■ **Exercise requirements**:
Each line of the data must be written out again verbatim; no image belongs in the copy.
Content starts
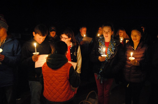
Lighting of the Christmas Tree!

ministry at Noble Horizons and Geer, along with leading midweek worship services at Noble Horizons and Geer.
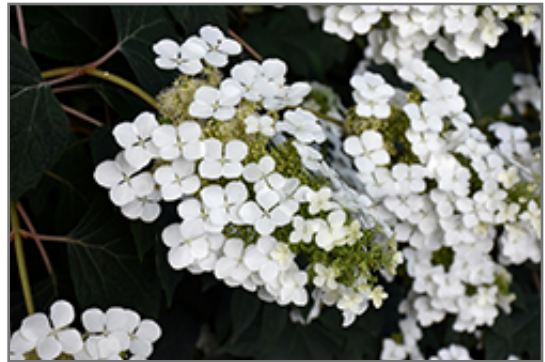
Pee Wee Hydrangea flowers
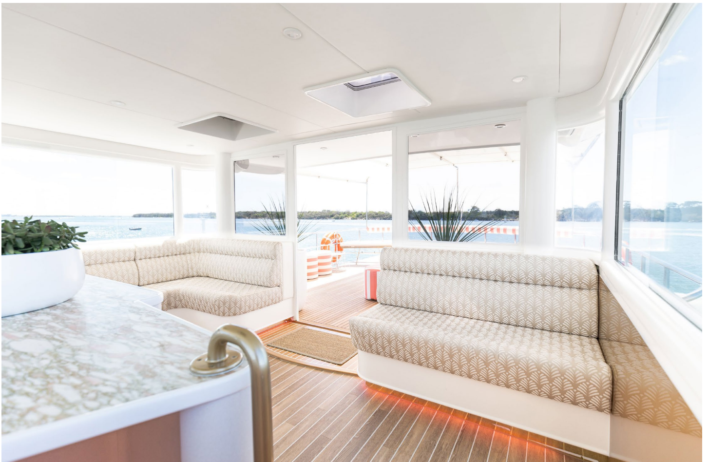
Upper Deck Main Saloon
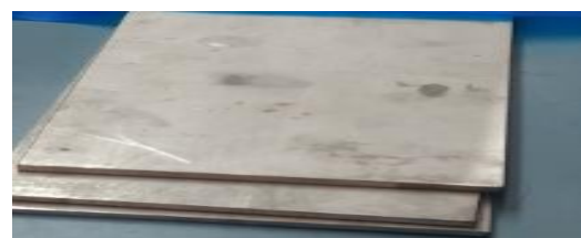
Figure 1: Raw material

Flat plates of SS 304 with dimension 300x150x6 mm are taken. The chemical composition is verified with the Material Test Certificate received with the material. Additionally PMI testing is done.
Content ends
■ **Answer to the problem**:
Lighting of the Christmas Tree!

ministry at Noble Horizons and Geer, along with leading midweek worship services at Noble Horizons and Geer.
Pee Wee Hydrangea flowers
Upper Deck Main Saloon
Figure 1: Raw material

Flat plates of SS 304 with dimension 300x150x6 mm are taken. The chemical composition is verified with the Material Test Certificate received with the material. Additionally PMI testing is done.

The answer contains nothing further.